What to work on: Beneath this line sits some data. Return only its lines from the one holding "1960 Acte de décès (Paris 4ème, France)" through the one holding "Lace Ruffle Organic", inclusive, exactly, with the images removed.

Supplied records:
===

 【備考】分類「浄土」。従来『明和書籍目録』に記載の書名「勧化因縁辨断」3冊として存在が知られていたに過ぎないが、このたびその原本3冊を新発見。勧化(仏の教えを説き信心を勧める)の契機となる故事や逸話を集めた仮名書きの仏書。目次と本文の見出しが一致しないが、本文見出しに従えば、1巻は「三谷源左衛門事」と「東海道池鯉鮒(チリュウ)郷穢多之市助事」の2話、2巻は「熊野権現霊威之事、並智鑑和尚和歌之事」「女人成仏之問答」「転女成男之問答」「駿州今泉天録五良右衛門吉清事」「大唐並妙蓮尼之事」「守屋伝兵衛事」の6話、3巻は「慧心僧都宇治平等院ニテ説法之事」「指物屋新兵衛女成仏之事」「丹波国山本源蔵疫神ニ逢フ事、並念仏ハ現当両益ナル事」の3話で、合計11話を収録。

===

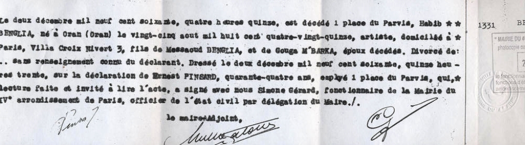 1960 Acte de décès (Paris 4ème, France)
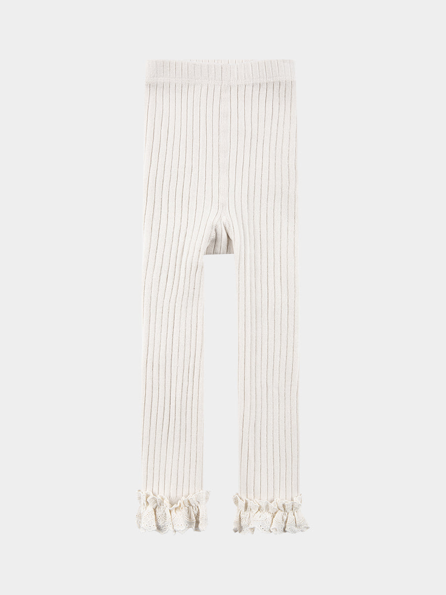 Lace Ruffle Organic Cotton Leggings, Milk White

===

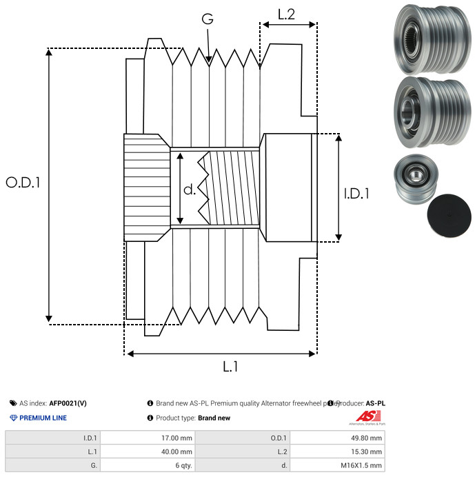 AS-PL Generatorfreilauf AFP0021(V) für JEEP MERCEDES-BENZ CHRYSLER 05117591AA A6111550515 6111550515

===

Exercise output:
 1960 Acte de décès (Paris 4ème, France)
 Lace Ruffle Organic Cotton Leggings, Milk White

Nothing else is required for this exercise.